Some people have worried about whether it is possible that the average sibling difference in IQ is 12 is really possible. It is.

Init

#load libraries
library(MASS)
library(tidyverse)
## ── Attaching packages ─────────────────────────────────────────────────────────────────────────────────────────────────── tidyverse 1.3.0 ──
## ✓ ggplot2 3.2.1     ✓ purrr   0.3.3
## ✓ tibble  2.1.3     ✓ dplyr   0.8.3
## ✓ tidyr   1.0.0     ✓ stringr 1.4.0
## ✓ readr   1.3.1     ✓ forcats 0.4.0
## ── Conflicts ────────────────────────────────────────────────────────────────────────────────────────────────────── tidyverse_conflicts() ──
## x dplyr::filter() masks stats::filter()
## x dplyr::lag()    masks stats::lag()
## x dplyr::select() masks MASS::select()
#set default theme
theme_set(theme_bw())

Data

Simulate data for illustration. We sample from multivariate normal distribution with correlations that vary. Then we rescale data to IQ metric of 100/15 (mean/SD).

#simulate datasets
x = map_df(seq(0, 1, .01), function(r) {
  #simulate sibling scores at correlation r
  mvrnorm(n = 100e3, 
          Sigma = matrix(c(1, r, r, 1), nrow = 2), 
          mu = c(0, 0)
          ) %>% 
    as_tibble() %>% 
    mutate(
      r = r,
    )
}) %>% 
  #change the scale to IQ norms
  mutate(
    V1 = V1 * 15 + 100,
    V2 = V2 * 15 + 100,
    AD = abs(V1 - V2)
  )
## Warning: `as_tibble.matrix()` requires a matrix with column names or a `.name_repair` argument. Using compatibility `.name_repair`.
## This warning is displayed once per session.
#summary stats
x2 = x %>% 
  group_by(r) %>% 
  summarise(
    MAD_empirical = mean(abs(V1 - V2))
  )

#theory expected difference
#Jensen, Bias in Mental Testing, p. 459
x2$MAD_theory = 2*15*sqrt(1 - x2$r) / sqrt(pi)

Plot results

First we plot examples of distributions by correlation between siblings (or any other pairs).
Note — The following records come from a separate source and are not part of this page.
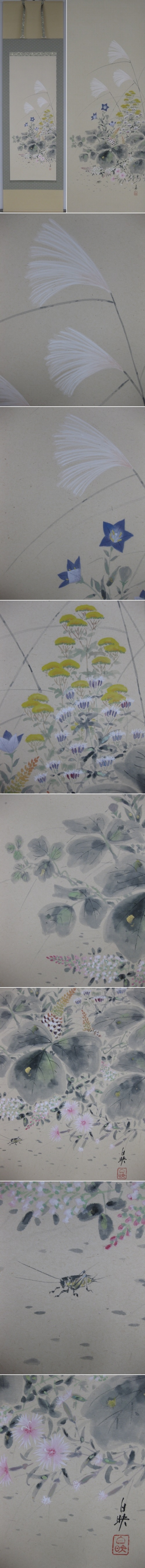 秋の風物詩秋草は、昔から沢山の人々に愛され親しまれてきました。秋の床の間におすすめの掛け軸です。(新品・肉筆)
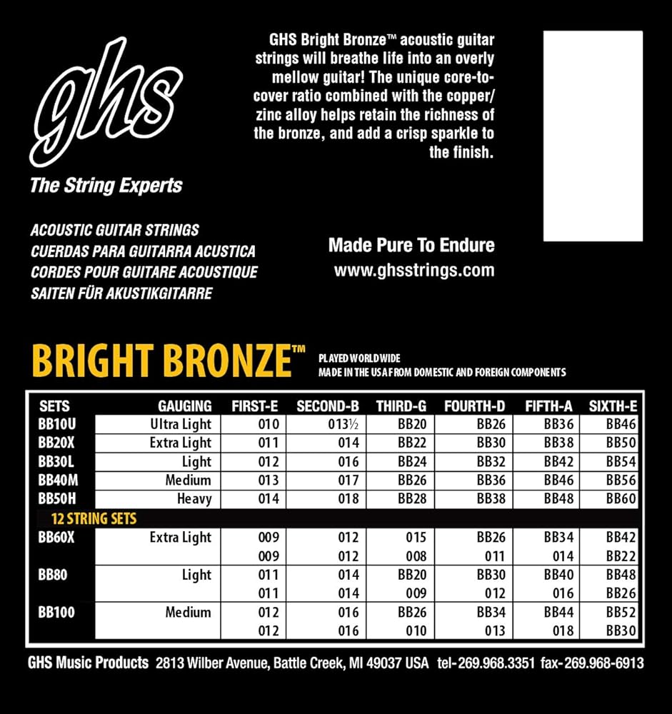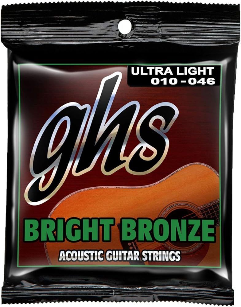 GHS Bright Bronze acoustic guitar strings boast a specially tempered 80/20 copper-zinc alloy wound over a hex core to deliver an extra-bright tone. This expertly designed core-to-cover ratio gives increased brightness & flexibility.
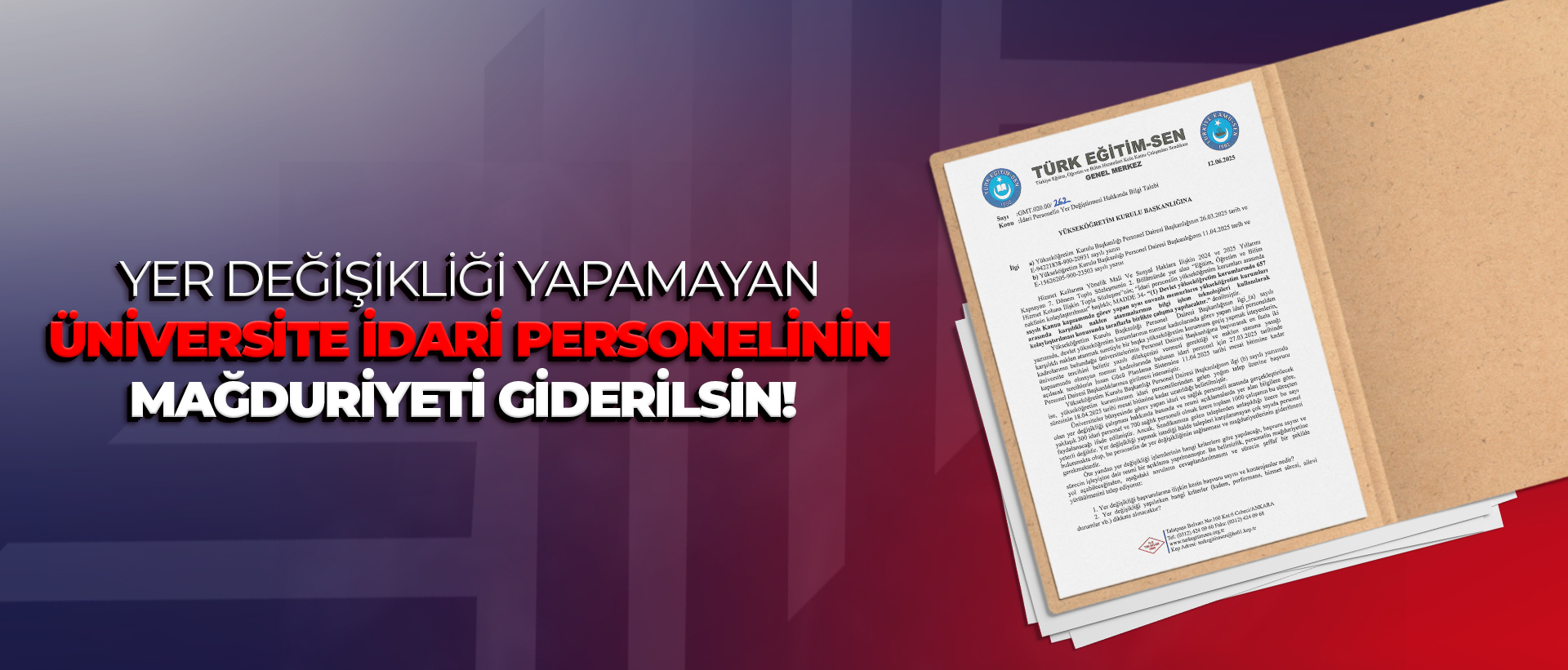 Türk Eğitim Sen olarak izah edilen nedenlerle, konunun ivedilikle ele alınarak, personelin haklarının korunması adına gerekli açıklamaların yapılması ve sürecin adil bir şekilde yürütülmesi, yer değişikliği yapamayan personelin mağduriyetinin giderilmesi, yukarıda yer alan sorularla ilgili bilgi edinme hakkı çerçevesinde sendikamıza bilgi verilmesi hususunda YÖK’e yazılı talepte bulunduk.

Then we plot mean absolute difference across all simulated pair correlations, along with the theoretically expected values.
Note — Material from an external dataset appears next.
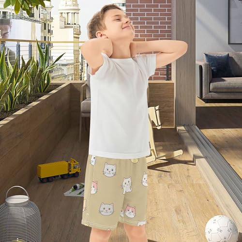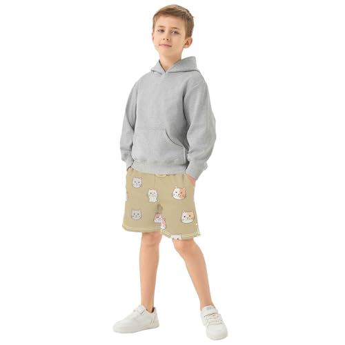 Cartoon Cats Athletic Shorts with Zipper Pockets, Youth Boys Athletic Running Shorts for Summer 2
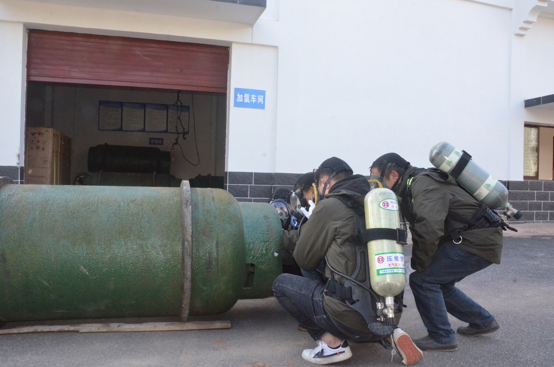 初冬天气暖,小似立春时。为确保公司各水厂生产生活安全,提升公司应急队伍突发事件救援处置能力,11月22日下午,县自来水公司组织司属相关部门40余人在城关水厂开展液氯泄漏事故应急救援演练。

#difference distributions by correlation
x %>% 
  mutate(r = factor(r)) %>% 
  filter(r %in% c(0, .25, .5, .75)) %>%
  ggplot(aes(AD)) +
  geom_histogram(center = .5, binwidth = 1) +
  #vertical lines for the mean
  geom_vline(data = x2 %>% filter(r %in% c(0, .25, .5, .75)), aes(xintercept = MAD_empirical), color = "red") +
  facet_wrap("r") +
  xlab("Sibling absolute difference") +
  ggtitle("Distribution of absolute difference by sibling correlation strength",
          subtitle = "Red line = mean")

#theory vs. empirical results
x2 %>% 
  gather(key = metric, value = MAD, MAD_empirical, MAD_theory) %>% 
  mutate(metric = str_replace(metric, "MAD_", "")) %>% 
  ggplot(aes(r, MAD, color = metric)) +
  geom_line() +
  scale_color_discrete("Data") +
  xlab("Sibling correlation") +
  ylab("Sibling mean absolute difference") +
  ggtitle("Theory predicted and simulated mean absolute difference by sibling correlation")

Data table

x2

Voila! It works as intended. IQ science can live another day.